# Tomato Bacon pie tnt



## kadesma (Jun 29, 2011)

I use a store bought pie shell. I sprinkle the pie shell with 1/2 lb crisp crumbled bacon. Cover the bacon with 3 sliced tomatoes overlaping them Now sprinkle with 1 tea chopped torn basil and 4 tab. chopped chives salt and pepper Mix 1 cup mayo and   1/2 shredded cheddar cheese frost the top of the pie and bake at 400 for 25 min. 
enjoy
kades


----------



## Dawgluver (Jun 29, 2011)

kadesma said:
			
		

> I use a store bought pie shell. I sprinkle the pie shell with 1/2 lb crisp crumbled bacon. Cover the bacon with 3 sliced tomatoes overlaping them Now sprinkle with 1 tea chopped torn basil and 4 tab. chopped chives salt and pepper Mix 1 cup mayo and   1/2 shredded cheddar cheese frost the top of the pie and bake at 400 for 25 min.
> enjoy
> kades



That sounds really good!  C and P.  Thanks, Kades!

Will it work with low fat Hellman's mayo, and does it freeze?  My mom would love this, but will not be here during tomato season.


----------



## FrankZ (Jun 29, 2011)

Umm.. bacon and pie?  Oh my..


----------



## PrincessFiona60 (Jun 30, 2011)

FrankZ said:


> Umm.. bacon and pie?  Oh my..



That's what I was thinking...copied and pasted...bacon, tomatoes...cheese, what's not to love?  Thanks, Kades!


----------



## chopper (Jun 30, 2011)

I bet this is really good for some, but for me, you could have put it on the Fear Factor thread. Funny how people have such different tastes. I am going to give this idea to a friend whom I know will just love this. Thanks.


----------



## kadesma (Jun 30, 2011)

Dawgluver said:


> That sounds really good!  C and P.  Thanks, Kades!
> 
> Will it work with low fat Hellman's mayo, and does it freeze?  My mom would love this, but will not be here during tomato season.
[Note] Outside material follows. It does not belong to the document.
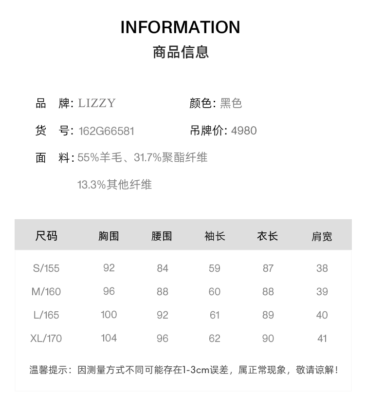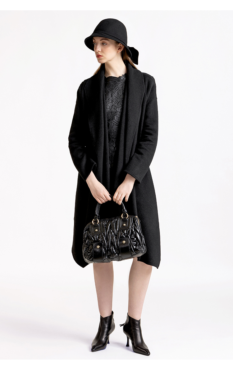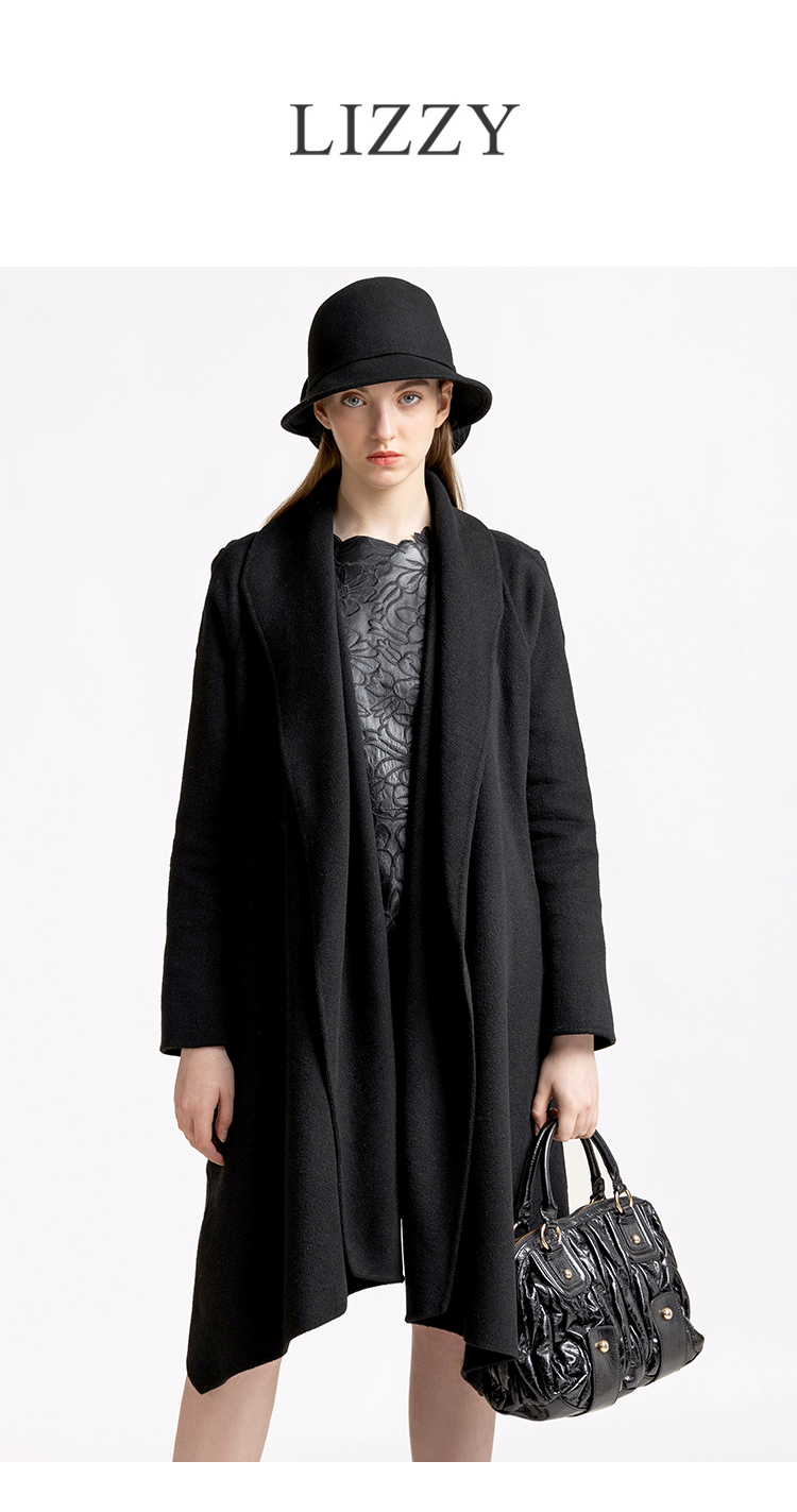 【双面呢】LIZZY2023冬款毛呢大衣轻奢女装外套配腰带6658

Yes the low fat will work just fine. Freezing I'm not sure as we never have any left to freeze but I'd give it a try and see.,
Kades


----------



## kadesma (Jun 30, 2011)

chopper said:


> I bet this is really good for some, but for me, you could have put it on the Fear Factor thread. Funny how people have such different tastes. I am going to give this idea to a friend whom I know will just love this. Thanks.
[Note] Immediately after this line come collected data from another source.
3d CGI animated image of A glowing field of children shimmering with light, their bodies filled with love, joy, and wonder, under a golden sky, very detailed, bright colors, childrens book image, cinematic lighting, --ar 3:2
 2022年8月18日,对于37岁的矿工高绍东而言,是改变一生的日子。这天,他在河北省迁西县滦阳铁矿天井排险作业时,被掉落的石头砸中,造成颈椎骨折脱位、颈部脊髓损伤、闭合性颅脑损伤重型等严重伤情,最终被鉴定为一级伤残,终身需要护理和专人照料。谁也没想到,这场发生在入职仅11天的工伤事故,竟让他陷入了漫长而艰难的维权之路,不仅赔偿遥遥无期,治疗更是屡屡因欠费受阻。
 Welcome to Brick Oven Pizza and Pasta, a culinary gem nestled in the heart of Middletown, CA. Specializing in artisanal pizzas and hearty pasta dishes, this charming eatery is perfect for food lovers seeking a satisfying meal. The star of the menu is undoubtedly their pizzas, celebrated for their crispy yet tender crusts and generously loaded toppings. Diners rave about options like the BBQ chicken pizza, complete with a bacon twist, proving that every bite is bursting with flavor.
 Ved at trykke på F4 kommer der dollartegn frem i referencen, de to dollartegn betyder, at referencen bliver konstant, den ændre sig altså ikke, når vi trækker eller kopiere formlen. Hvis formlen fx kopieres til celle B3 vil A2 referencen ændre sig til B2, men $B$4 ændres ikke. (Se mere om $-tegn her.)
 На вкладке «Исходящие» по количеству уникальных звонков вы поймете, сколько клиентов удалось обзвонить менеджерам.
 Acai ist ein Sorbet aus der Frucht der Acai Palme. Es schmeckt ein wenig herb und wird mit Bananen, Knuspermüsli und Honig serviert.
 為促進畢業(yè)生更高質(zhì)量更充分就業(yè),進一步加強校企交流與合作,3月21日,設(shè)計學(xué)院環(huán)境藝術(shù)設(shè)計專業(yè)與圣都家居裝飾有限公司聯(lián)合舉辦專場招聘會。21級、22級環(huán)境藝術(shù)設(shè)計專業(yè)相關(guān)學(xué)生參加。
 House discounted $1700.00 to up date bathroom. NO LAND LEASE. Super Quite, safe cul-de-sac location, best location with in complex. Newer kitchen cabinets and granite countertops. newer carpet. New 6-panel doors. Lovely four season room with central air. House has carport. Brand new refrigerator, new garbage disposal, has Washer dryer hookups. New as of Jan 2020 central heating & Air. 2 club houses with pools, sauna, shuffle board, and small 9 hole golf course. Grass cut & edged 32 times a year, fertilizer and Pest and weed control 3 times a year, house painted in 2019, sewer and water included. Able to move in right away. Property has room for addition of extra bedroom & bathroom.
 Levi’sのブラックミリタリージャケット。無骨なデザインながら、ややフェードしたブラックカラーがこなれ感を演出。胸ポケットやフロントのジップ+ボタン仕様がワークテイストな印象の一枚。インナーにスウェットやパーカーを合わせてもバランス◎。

It sure is, we all have our likes and dislikes. What do you love in a savory pie? I hope your friend likes this recipe.
kades


----------



## Andy M. (Jun 30, 2011)

kades,  This sounds great.  I'm going to make it this summer.  I was wondering about all the moisture in the tomato.  How do you keep it from making the crust soggy?


----------



## kadesma (Jun 30, 2011)

Andy M. said:


> kades,  This sounds great.  I'm going to make it this summer.  I was wondering about all the moisture in the tomato.  How do you keep it from making the crust soggy?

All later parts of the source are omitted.